"You are taking it for granted, Sire, that France will fail you?" she said somewhat testily.
"Nay! why should you say that?" he asked.
"Oh! the ring—the obvious understanding between you and milor."
"Was it not your wish, Mademoiselle?"
"Oh! a mere suggestion—in case France failed you, and I were powerless to remind her of her promise."
"Pa ma foi," he rejoined gallantly, "and you'll command me, I'll believe that contingency to be impossible. The whole matter of the ring is a whim of Eglinton's, and I swear that I'll only trust to France and to you."
"No, no!" she said quickly, her own sound common sense coming to the rescue just in time to rout the unreasoning petulance of a while ago, which truly had been unworthy of her. "It was foolish of me to taunt, and I pray your Majesty's forgiveness. It would have been joy and pride to me to feel that the plans for your Majesty's safety had been devised by me, but I gladly recognize that milor Eglinton hath in this matter the prior claim."
Her little speech was delivered so simply and with such a noble air of self-effacement that it is small wonder that Charles Edward could but stand in speechless admiration before her. She looked such an exquisite picture of proud and self-reliant womanhood, as she stood there, tall and erect, the stiff folds of her white satin gown surrounding her like a frame of ivory round a dainty miniature. Tears of enthusiasm were in her eyes, her lips were parted with a smile of encouragement, her graceful head, thrown slightly back and crowned with the burnished gold of her hair, stood out in perfect relief against the soft-toned gold and veined marble of the walls.

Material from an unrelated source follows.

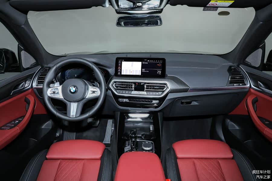 宝马X3整体采用深色铝制菱形内饰,并且使用双色进行搭配,用手触摸按压中控台、座椅、车门内侧等地方,细腻感不错,还有电动全景天窗和11色车内氛围灯,方向盘采用真皮材质,拥有上下+前后调节功能,同时配备了12.3英寸的全液晶仪表盘和12.3英寸的中控屏幕,内置GPS导航系统、导航路况信息展示、道路救援服务、蓝牙/车载电话、手机互联映射、车联网、OTA升级等功能,还有手机APP远程控制系统,可以实现车辆监控、远程控制、服务预约等功能。

"I entreat you, Mademoiselle," said the Young Pretender at last, "do not render my departure too difficult by showing me so plainly all that I relinquish when I quit the fair shores of France."
"Your Majesty leaves many faithful hearts in Versailles, none the less true because they cannot follow you. Nay! but methinks Lord Eglinton and I will have to make a pact of friendship, so that when your Majesty hath gone we might often speak of you."